Assigned task:
Copy the data precisely, character for character, and leave out every picture.

Recorded data:
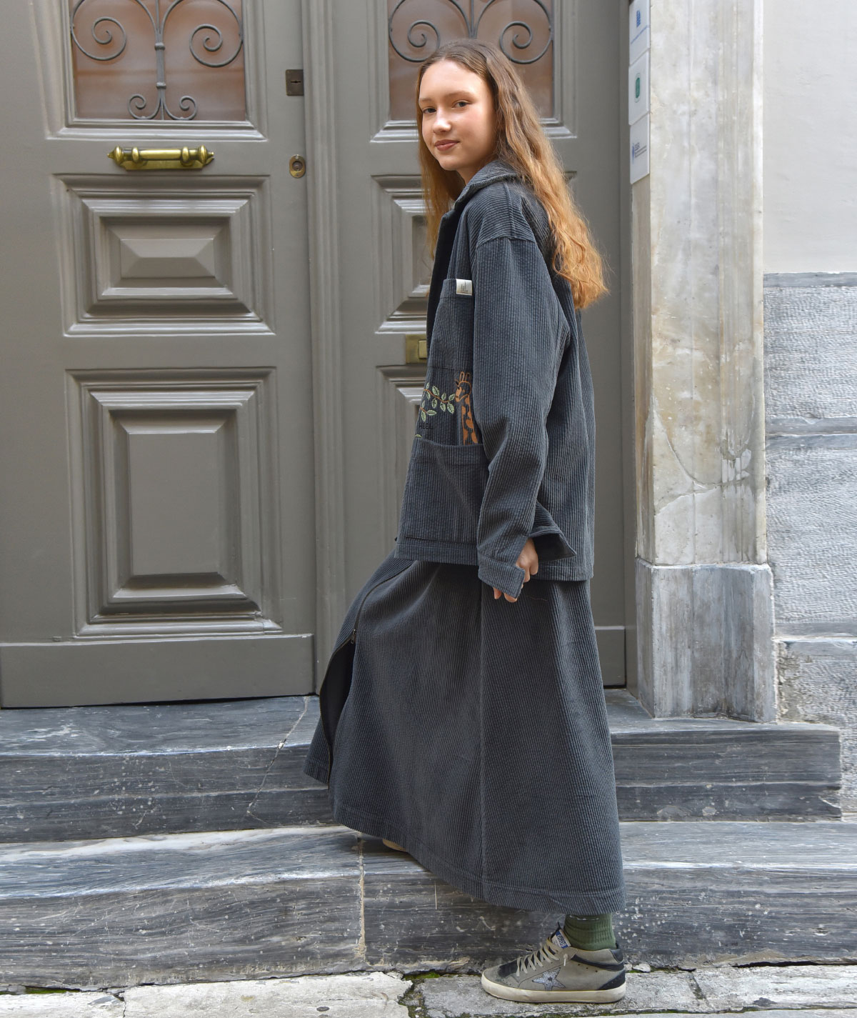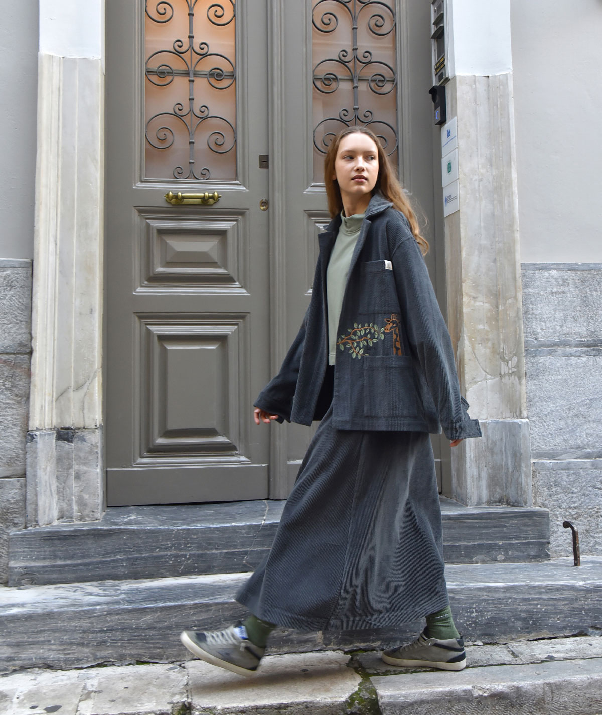 Our corduroy jacket is an everyday essential with a unisex feel. Made from soft corduroy fabric with a subtle embroidered detail, it blends comfort, simplicity, and modern style. An easy-to-wear, versatile piece that naturally fits into any everyday look.
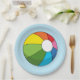 Ein zeichn eines bunten Beachballs. Es hat acht verschiedene Farben wie Rot, Orange, Gelb, Apfelgrün, Grün, Blau, Indigo und Magenta. Dieses einfache Konzept ist ein guter Empfang für den Sommer.
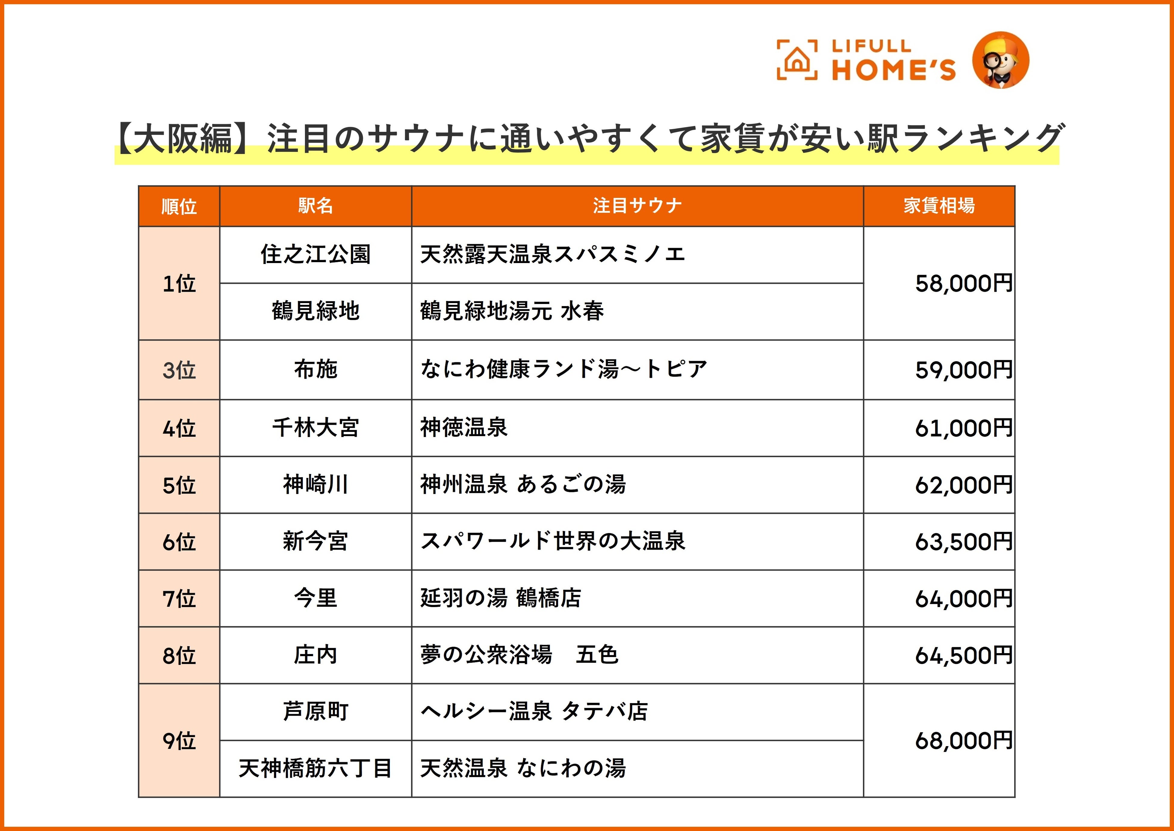 LIFULL HOME'Sが「【大阪編】注目のサウナに通いやすくて家賃が安い駅ランキング」を発表

Task solution:
 Our corduroy jacket is an everyday essential with a unisex feel. Made from soft corduroy fabric with a subtle embroidered detail, it blends comfort, simplicity, and modern style. An easy-to-wear, versatile piece that naturally fits into any everyday look.
 Ein zeichn eines bunten Beachballs. Es hat acht verschiedene Farben wie Rot, Orange, Gelb, Apfelgrün, Grün, Blau, Indigo und Magenta. Dieses einfache Konzept ist ein guter Empfang für den Sommer.
 LIFULL HOME'Sが「【大阪編】注目のサウナに通いやすくて家賃が安い駅ランキング」を発表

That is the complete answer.